WHAT YOU HAVE TO DO: Your answer is to be the exact text of the lines from the one containing "부산불꽃축제만의 특색있는 환상의" through the final line of the entries, restated in full, with pictures omitted.
==*==
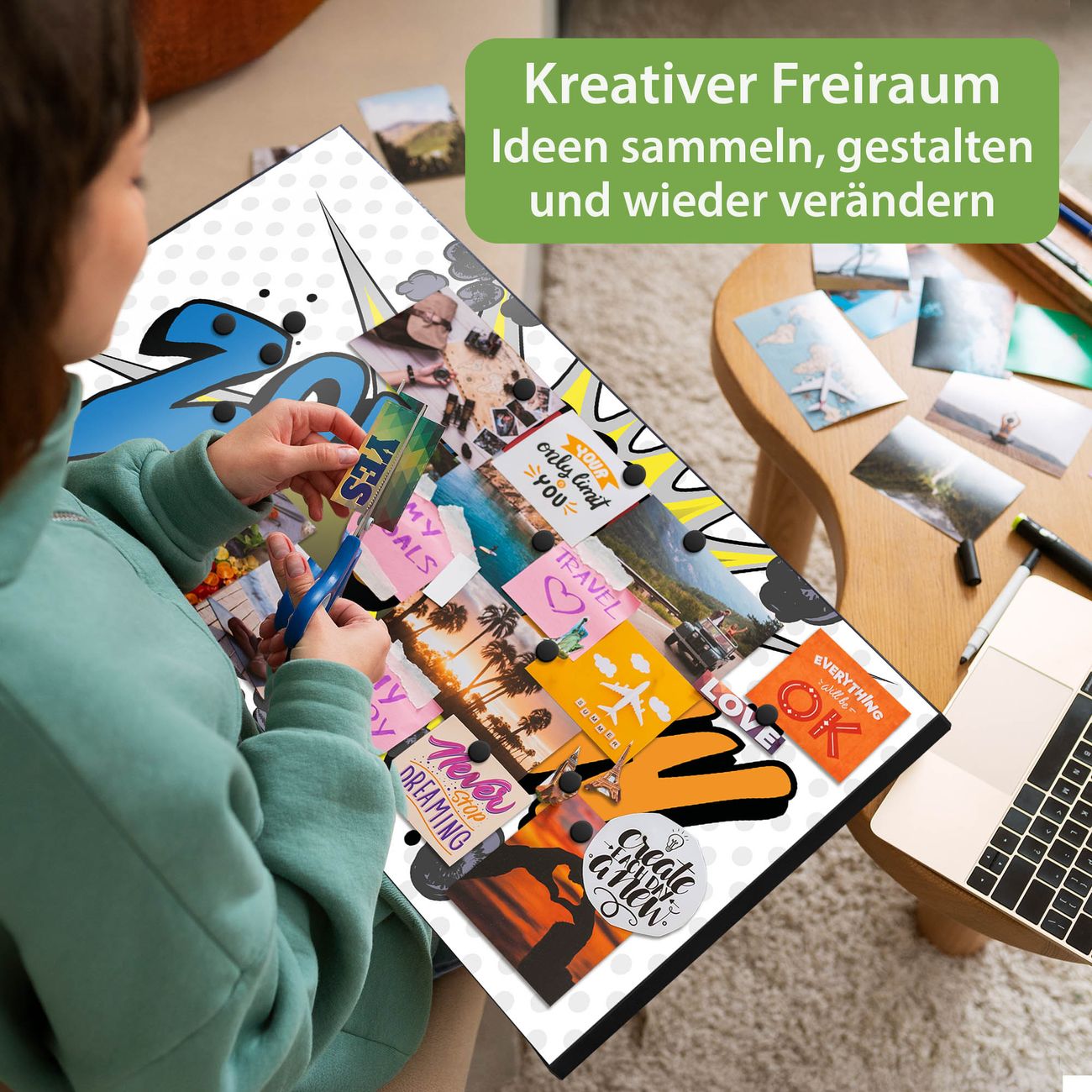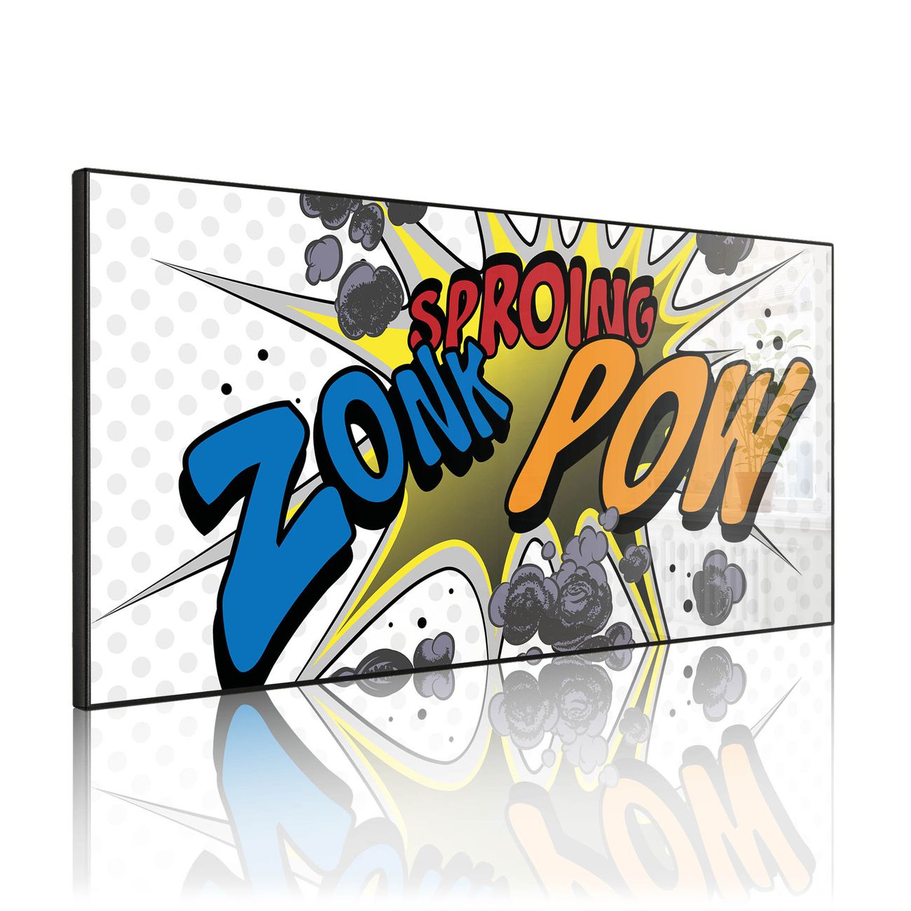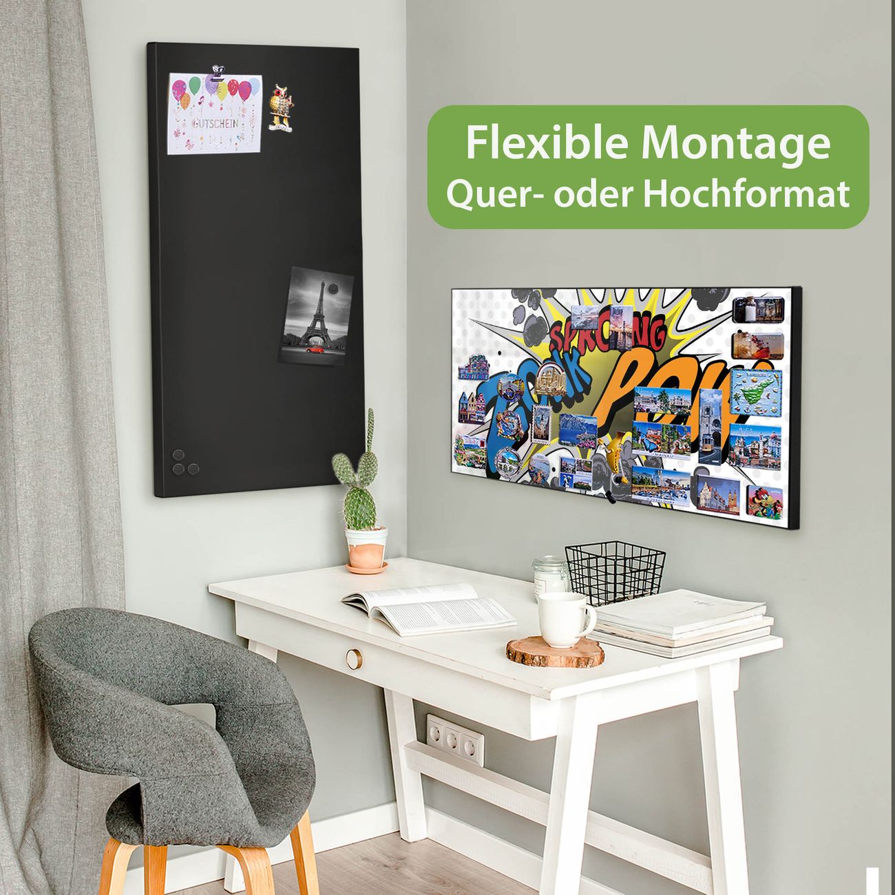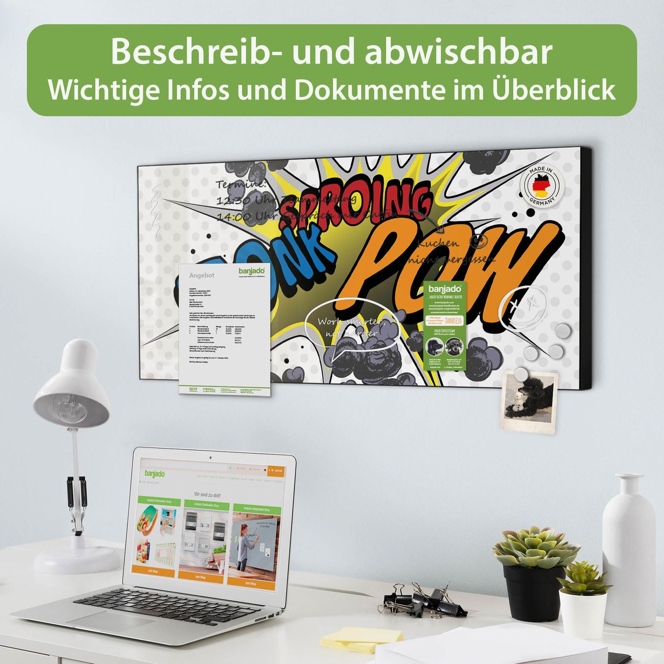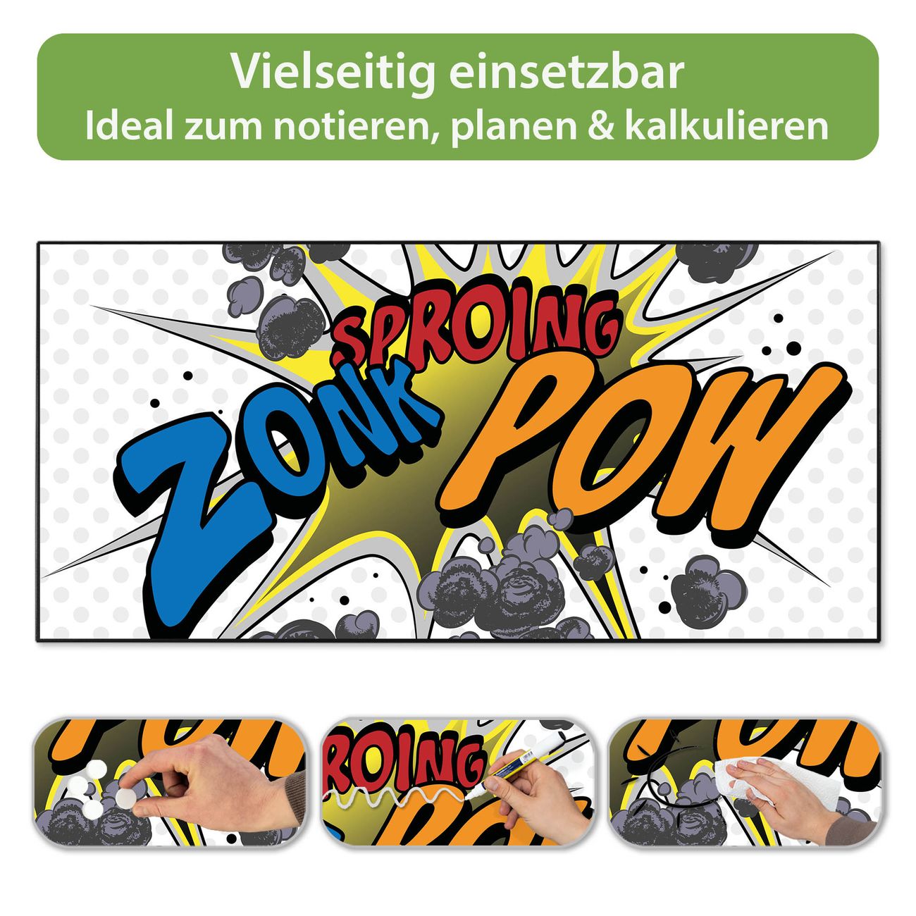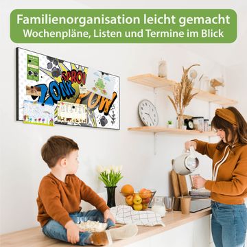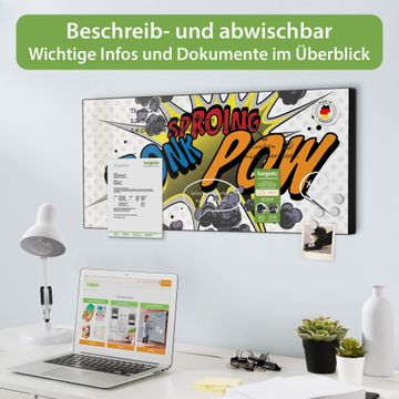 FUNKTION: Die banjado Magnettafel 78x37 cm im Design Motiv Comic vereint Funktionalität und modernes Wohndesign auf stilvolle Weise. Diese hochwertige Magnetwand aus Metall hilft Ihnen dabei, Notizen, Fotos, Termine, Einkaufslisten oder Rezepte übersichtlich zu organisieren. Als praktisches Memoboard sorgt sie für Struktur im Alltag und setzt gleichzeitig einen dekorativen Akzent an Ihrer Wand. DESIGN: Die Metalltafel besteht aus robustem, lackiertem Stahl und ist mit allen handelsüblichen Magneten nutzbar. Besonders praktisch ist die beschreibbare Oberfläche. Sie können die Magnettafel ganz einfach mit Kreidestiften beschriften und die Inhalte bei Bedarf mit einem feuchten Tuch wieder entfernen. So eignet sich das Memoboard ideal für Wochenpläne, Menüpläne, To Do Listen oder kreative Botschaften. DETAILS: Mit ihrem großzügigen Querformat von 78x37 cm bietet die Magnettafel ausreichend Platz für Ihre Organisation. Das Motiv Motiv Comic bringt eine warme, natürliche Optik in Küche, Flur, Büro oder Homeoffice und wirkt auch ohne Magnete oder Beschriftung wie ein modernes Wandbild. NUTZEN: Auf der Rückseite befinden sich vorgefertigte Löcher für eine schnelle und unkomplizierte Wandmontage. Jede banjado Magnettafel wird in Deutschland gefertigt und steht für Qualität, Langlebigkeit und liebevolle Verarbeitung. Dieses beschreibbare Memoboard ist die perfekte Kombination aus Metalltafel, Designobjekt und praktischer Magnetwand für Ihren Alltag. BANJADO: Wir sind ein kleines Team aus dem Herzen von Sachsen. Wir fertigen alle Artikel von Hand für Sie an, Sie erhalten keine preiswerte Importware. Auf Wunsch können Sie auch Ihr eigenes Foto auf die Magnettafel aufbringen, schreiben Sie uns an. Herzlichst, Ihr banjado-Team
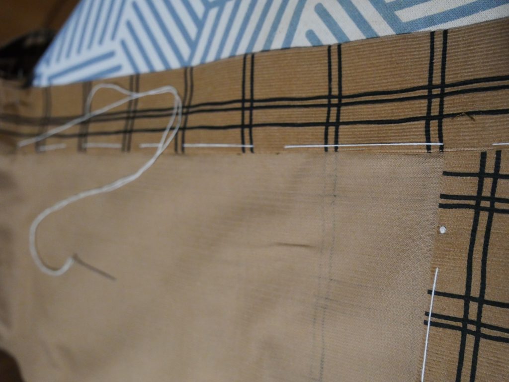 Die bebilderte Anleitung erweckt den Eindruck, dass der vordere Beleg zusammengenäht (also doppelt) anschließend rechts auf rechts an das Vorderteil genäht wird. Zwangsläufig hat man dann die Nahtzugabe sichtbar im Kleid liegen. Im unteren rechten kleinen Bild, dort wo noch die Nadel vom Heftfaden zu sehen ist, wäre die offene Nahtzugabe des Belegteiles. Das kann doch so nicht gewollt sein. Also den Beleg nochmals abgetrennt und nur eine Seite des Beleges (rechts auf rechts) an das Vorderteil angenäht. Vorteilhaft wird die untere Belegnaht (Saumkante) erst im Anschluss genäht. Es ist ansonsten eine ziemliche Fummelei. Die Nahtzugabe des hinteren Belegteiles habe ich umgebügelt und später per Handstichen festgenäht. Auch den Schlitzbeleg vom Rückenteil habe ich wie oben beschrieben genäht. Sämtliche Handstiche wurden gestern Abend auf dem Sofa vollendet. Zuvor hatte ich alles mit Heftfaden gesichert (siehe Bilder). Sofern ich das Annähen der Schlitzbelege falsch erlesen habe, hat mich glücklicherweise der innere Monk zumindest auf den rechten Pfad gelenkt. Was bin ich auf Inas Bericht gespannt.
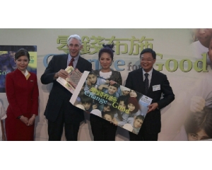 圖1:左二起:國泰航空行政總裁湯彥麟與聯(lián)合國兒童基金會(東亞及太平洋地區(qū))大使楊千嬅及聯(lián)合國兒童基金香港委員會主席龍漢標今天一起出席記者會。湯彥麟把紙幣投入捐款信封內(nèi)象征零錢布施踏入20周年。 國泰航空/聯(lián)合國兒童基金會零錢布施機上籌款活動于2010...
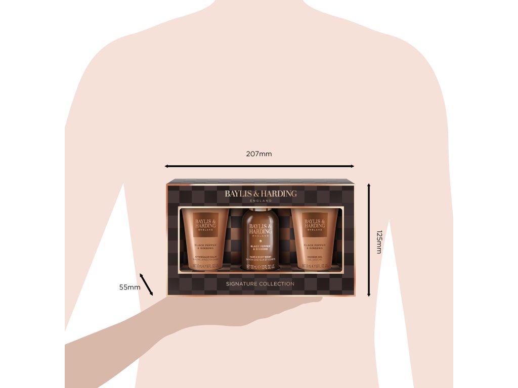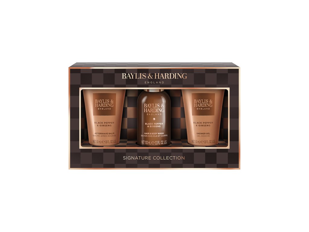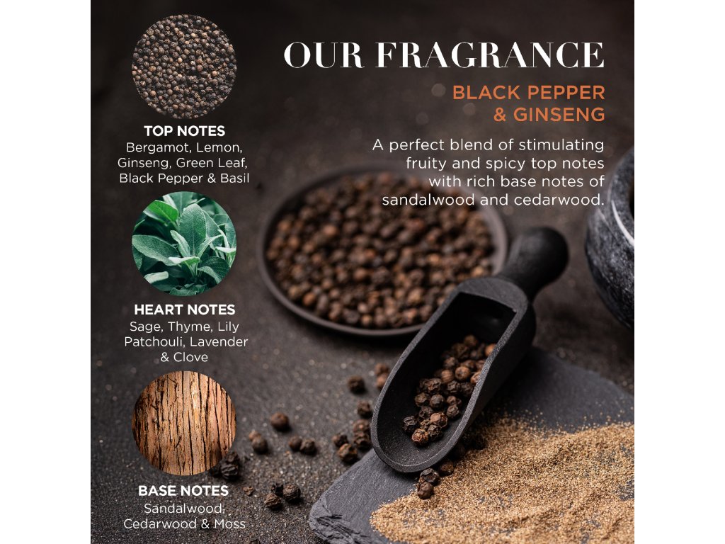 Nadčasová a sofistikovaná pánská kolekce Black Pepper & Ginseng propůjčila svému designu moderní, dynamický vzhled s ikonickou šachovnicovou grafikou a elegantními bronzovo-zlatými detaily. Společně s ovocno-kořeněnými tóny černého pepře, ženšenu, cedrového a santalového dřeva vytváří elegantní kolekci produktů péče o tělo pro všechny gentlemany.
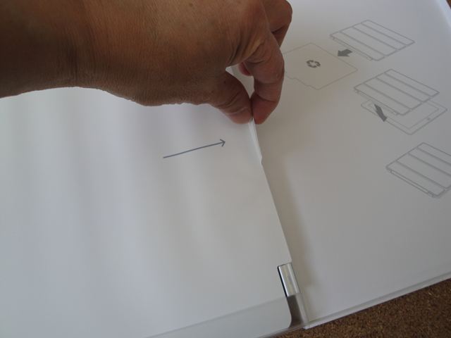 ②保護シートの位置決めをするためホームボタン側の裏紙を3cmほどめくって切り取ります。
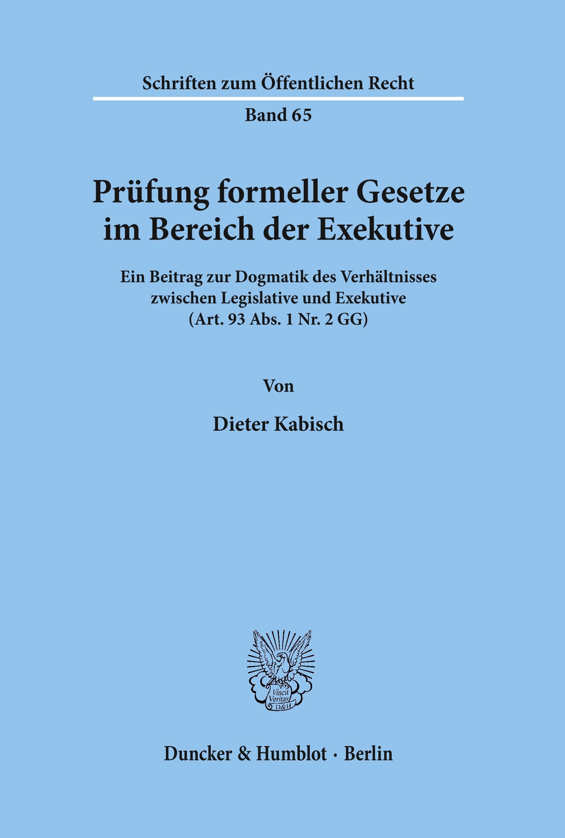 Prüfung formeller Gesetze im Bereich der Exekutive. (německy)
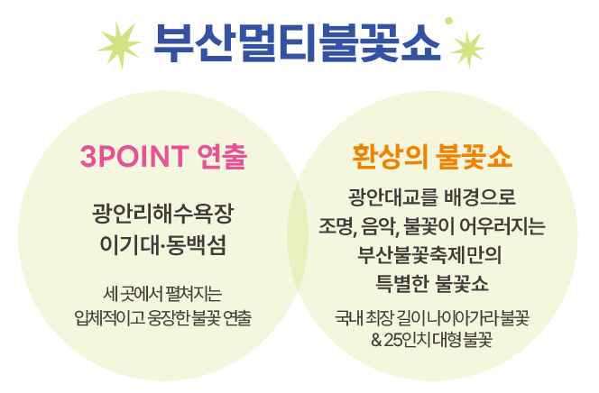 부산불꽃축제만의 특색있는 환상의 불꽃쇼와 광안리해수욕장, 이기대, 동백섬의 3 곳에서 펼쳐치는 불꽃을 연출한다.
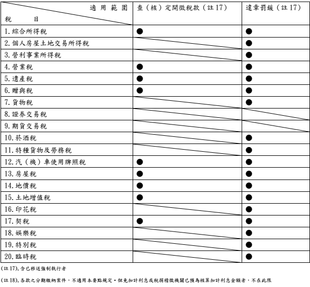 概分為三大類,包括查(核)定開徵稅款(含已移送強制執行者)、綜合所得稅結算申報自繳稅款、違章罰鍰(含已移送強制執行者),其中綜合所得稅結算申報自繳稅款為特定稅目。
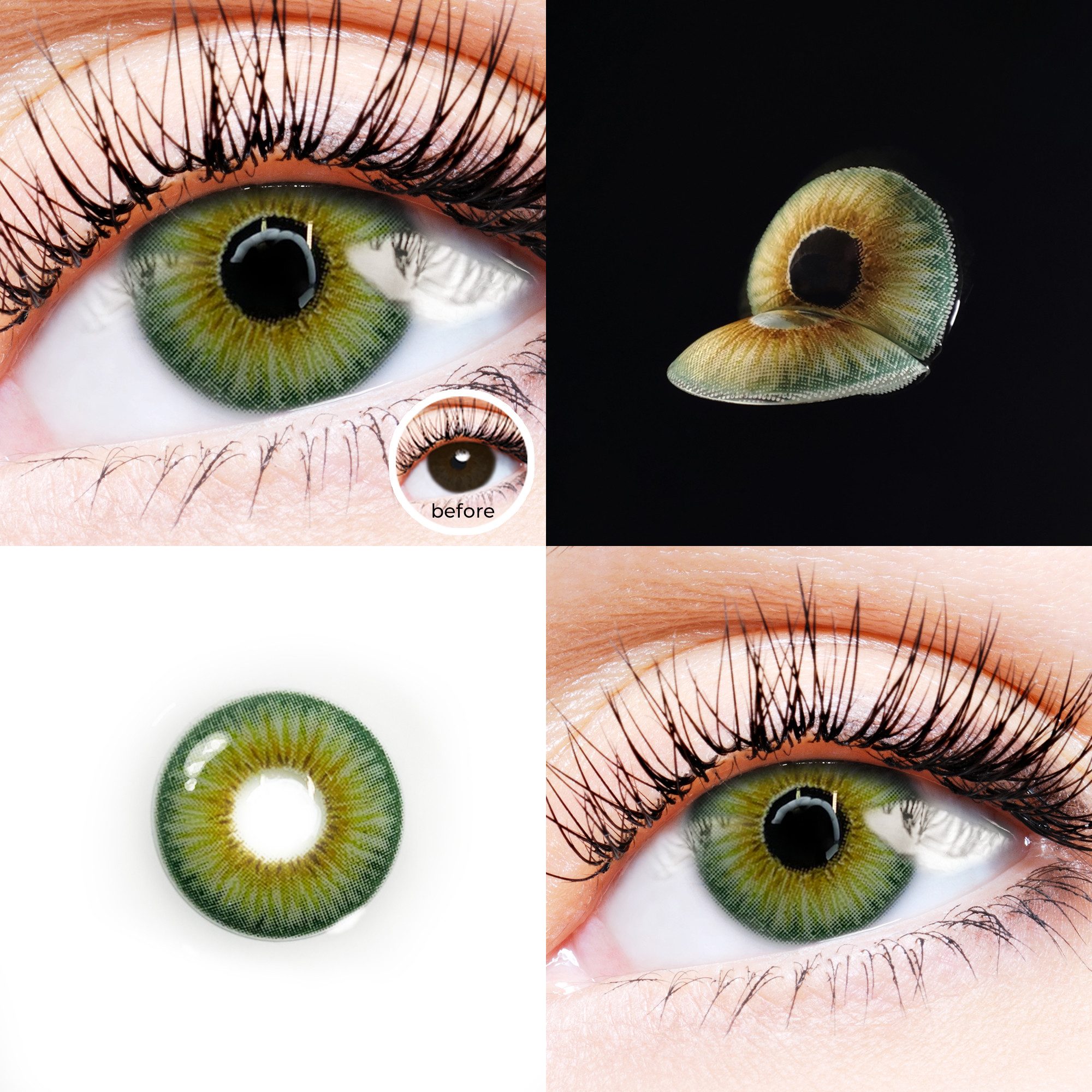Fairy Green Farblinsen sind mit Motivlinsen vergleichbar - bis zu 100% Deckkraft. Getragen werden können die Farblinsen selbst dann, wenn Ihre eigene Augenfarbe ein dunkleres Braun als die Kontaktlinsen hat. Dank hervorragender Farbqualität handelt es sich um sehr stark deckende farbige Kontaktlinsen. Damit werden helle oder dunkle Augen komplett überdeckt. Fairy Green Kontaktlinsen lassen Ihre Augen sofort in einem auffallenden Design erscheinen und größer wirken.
==*==
RESULT:
 부산불꽃축제만의 특색있는 환상의 불꽃쇼와 광안리해수욕장, 이기대, 동백섬의 3 곳에서 펼쳐치는 불꽃을 연출한다.
 概分為三大類,包括查(核)定開徵稅款(含已移送強制執行者)、綜合所得稅結算申報自繳稅款、違章罰鍰(含已移送強制執行者),其中綜合所得稅結算申報自繳稅款為特定稅目。
Fairy Green Farblinsen sind mit Motivlinsen vergleichbar - bis zu 100% Deckkraft. Getragen werden können die Farblinsen selbst dann, wenn Ihre eigene Augenfarbe ein dunkleres Braun als die Kontaktlinsen hat. Dank hervorragender Farbqualität handelt es sich um sehr stark deckende farbige Kontaktlinsen. Damit werden helle oder dunkle Augen komplett überdeckt. Fairy Green Kontaktlinsen lassen Ihre Augen sofort in einem auffallenden Design erscheinen und größer wirken.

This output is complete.